Beginners Guide to TikTok for Search - Rachel Pearson - We are Tilt __ Bright...
Learn the fundamentals of meds
1. Learn the fundamentals of meds
Drawing distinctions between APIs and drugs makes it possible for manufacturers to
specialize, regulators to focus resources and pharmacists to align generic equivalents with
brand name products. Understanding what makes an API an API, and why having that
understanding matters, underlies the very practice and regulation of pharmacy.
APIs According to the FDA and the WHO
Specifically speaking, APIs are chemicals used in everyday prescription and over-the counter
medications. However, biologically engineered proteins and recombinant molecules created
for biotech drugs fall under different definitions and regulatory schemes.

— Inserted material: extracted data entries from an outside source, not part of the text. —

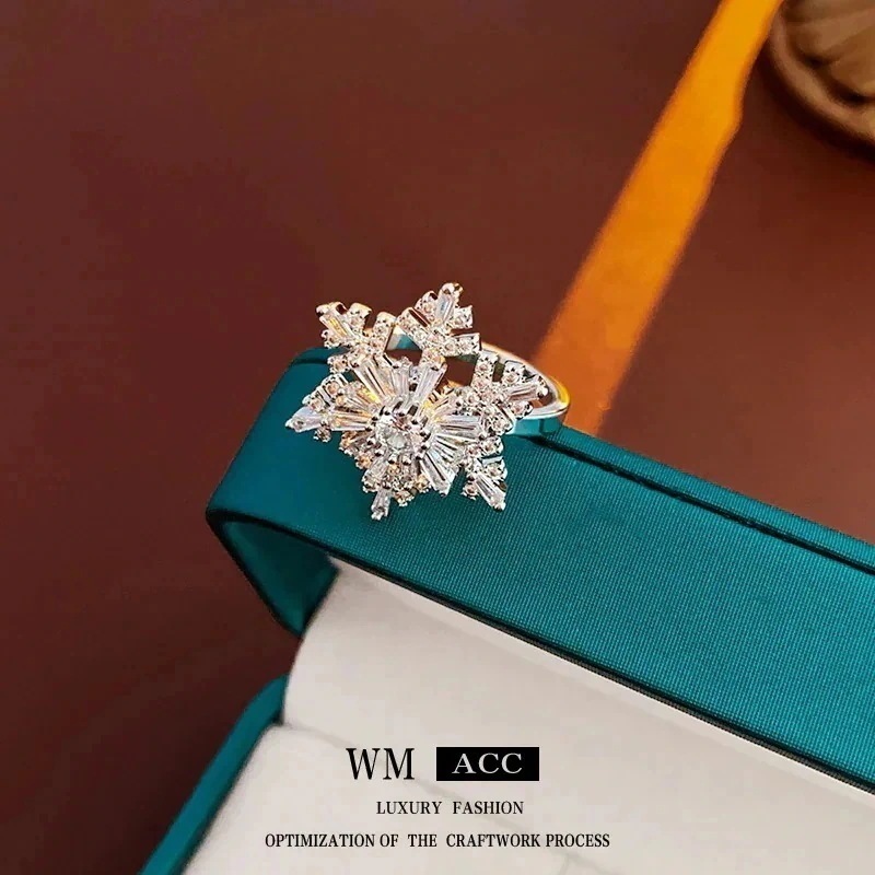 【人気商品】電気メッキジルコニア回転可能な雪の結晶リング 秋と冬のファッション人差し指リング レディースのための光豪華な高感度ハンドジュエリー
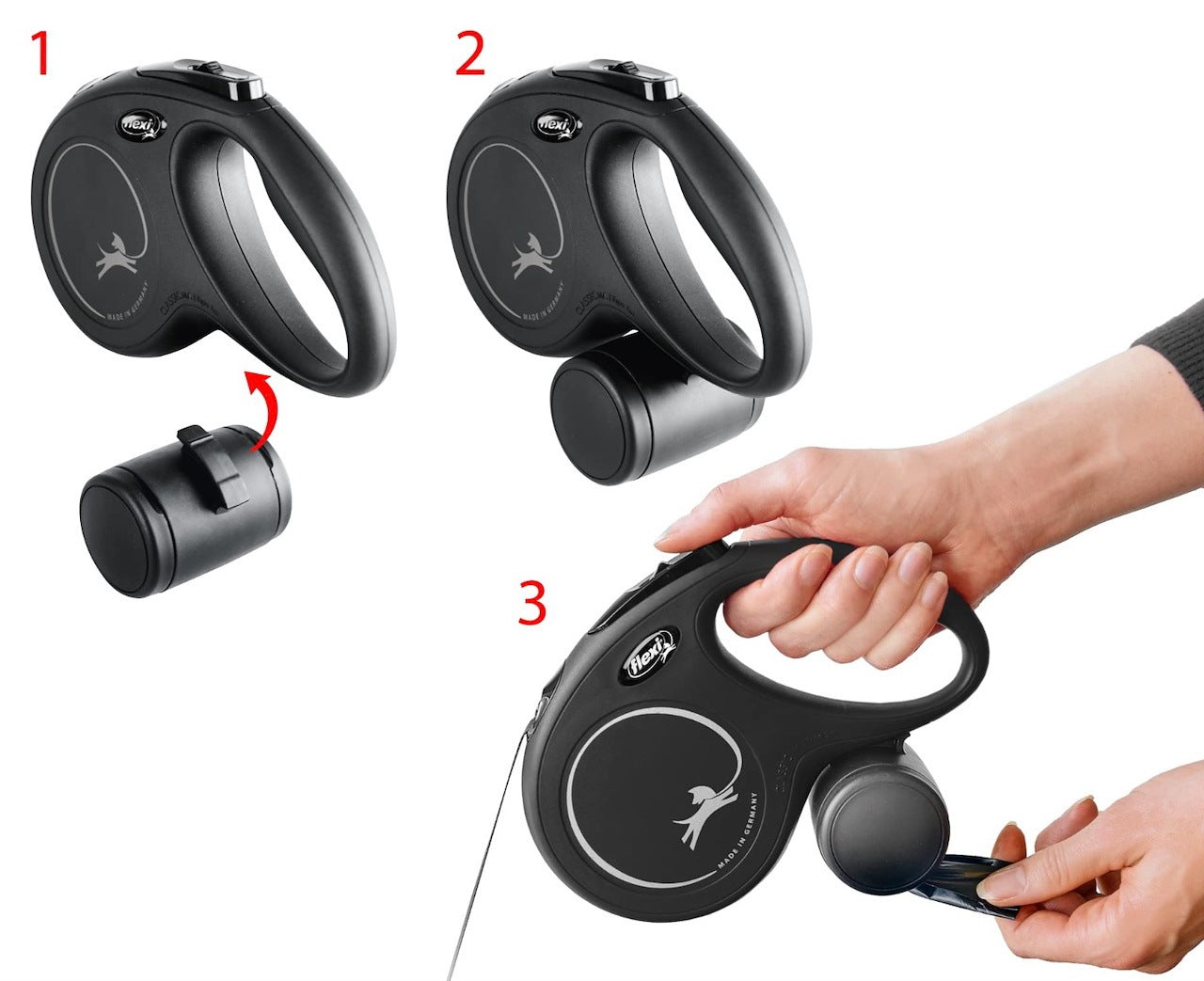 ・フレキシリードの取っ手の下に取り付けてあるので、散歩の邪魔になりません。
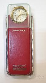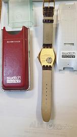 orologio Swatch irony Nuovo con scatola e documenti. cinturino in pelle marrone stampa coccodrillo , cassa e fibbia color oro , quadrante argento
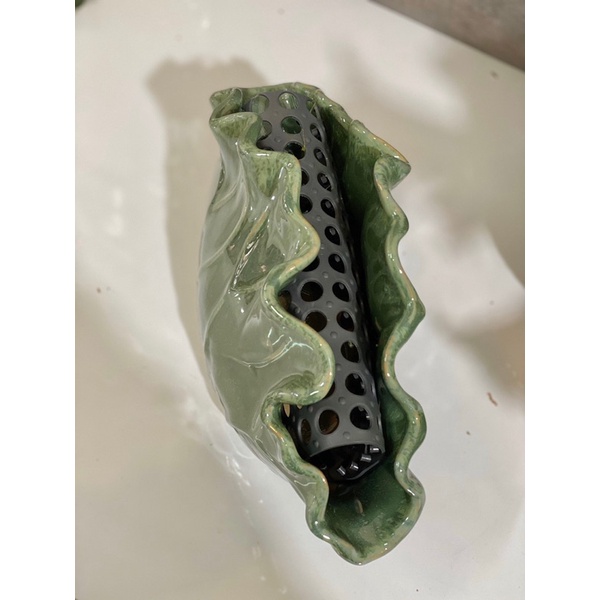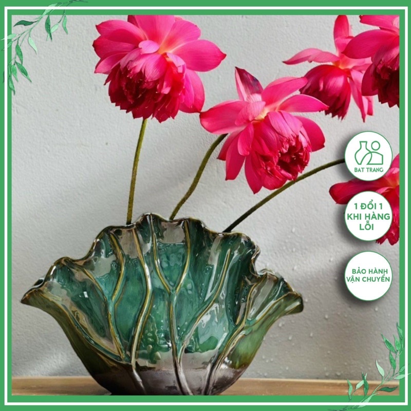 Lọ Hoa Lá Sen Bình Hoa Hình Lá Sen Men Hoả Biến Tặng Kèm Miếng Định Hình Cắm Hoa Gốm Sứ Bát Tràng Cao Cấp
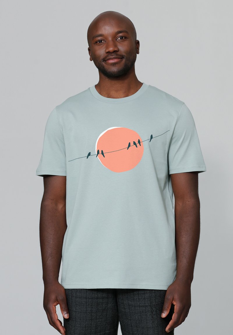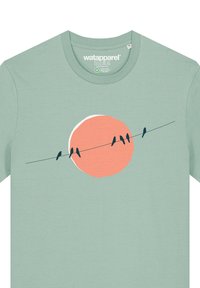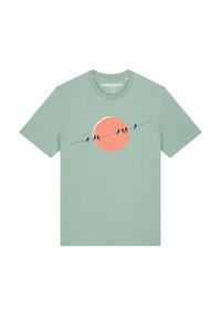 Muntgroene T-shirt met korte mouwen, voorzien van een grafisch ontwerp van vogels op een draad voor een perzikkleurige zon. Zacht katoenen materiaal, ontspannen pasvorm.
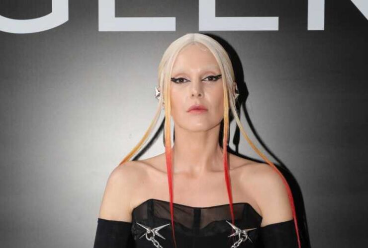 Η Τάμτα λιάζεται στα βράχια της Μήλου με μαύρο μαγιό και ροζ μαλλιά
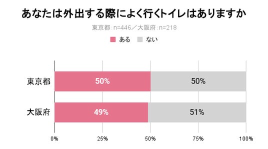 東京と大阪どちらも約半数が、外出の際によく行く「行きつけのトイレ」が存在する

The U.S. Food and Drug Administration defines an APIs as any substance or mixture of
substances intended to be used in the manufacture of a drug product and that, when used in
the production of a drug, becomes an active ingredient in the drug product. Such substances
are intended to furnish pharmacological activity or other direct effect in the diagnosis, cure,
mitigation, treatment or prevention of disease or to affect the structure and function of the
body.
The World Heath Organization has developed a nearly identical API definition. Nevertheless,
The WHO’s definition was under review as of September 2012. Many international authorities
believe that a mixture of APIs actually constitutes a finished pharmaceutical product, which
would be a medication of the type the FDA refers to as a “drug product.”
Drug products that is to say, the medications pharmacists dispense and patients use include
one or more API, excipients and other ingredients ranging from dyes to alcohol and water.
Who Makes APIs?
APIs are often referred to as “bulk pharmaceuticals,” and the chemicals usually get made in
plants far removed from the facilities where tablets, oral suspensions and topical applications
are made. Produced in bulk, almost all APIs are powders.
Chemical plants in every country make bulk pharmaceuticals, but the leading suppliers of
APIs are in China and India due to mostly economies of scale.
Regardless of where an API gets made, it must meet the safety and quality standards set by
the leading drug regulator in the country where it will be used. That is, Chinese and Indian
bulk drug manufacturers that export chemicals to the United States must be inspected and
licensed by the FDA. Likewise, bulk pharmaceuticals produced for many countries in Europe
are subject to standards established by the European Medicines Agency.
Regularly inspecting and, when necessary, sanctioning chemical makers outside the country
can prove difficult. Counterfeiting, adulteration and contamination remain constant concerns
with APIs imported into the United States and elsewhere. Since 2008, the FDA had been
expanding its overseas staff charged with overseeing bulk pharmaceutical manufacturers
http://www.chemsupplying.com/
2. The Generic Name Is the API
The last thing to know about APIs is also the first thing, but with a little twist.
Bulk pharmaceuticals themselves are not generic drugs, but for example, the API in Pfizer’s
Lipitor and each of its generic equivalents is atorvastatin. As noted above, making
atorvastatin into a drug product requires adding other ingredients such as excipients in order
to form tablets. Nevertheless, it is absolutely mandatory that pharmacists and pharmacy
technicians know the identity of each drug’s API because the name of the API is the generic
name of the medication.
Two conventions – United States Adopted Names and International Nonpropriety Names --
help ensure each API has a unique identity.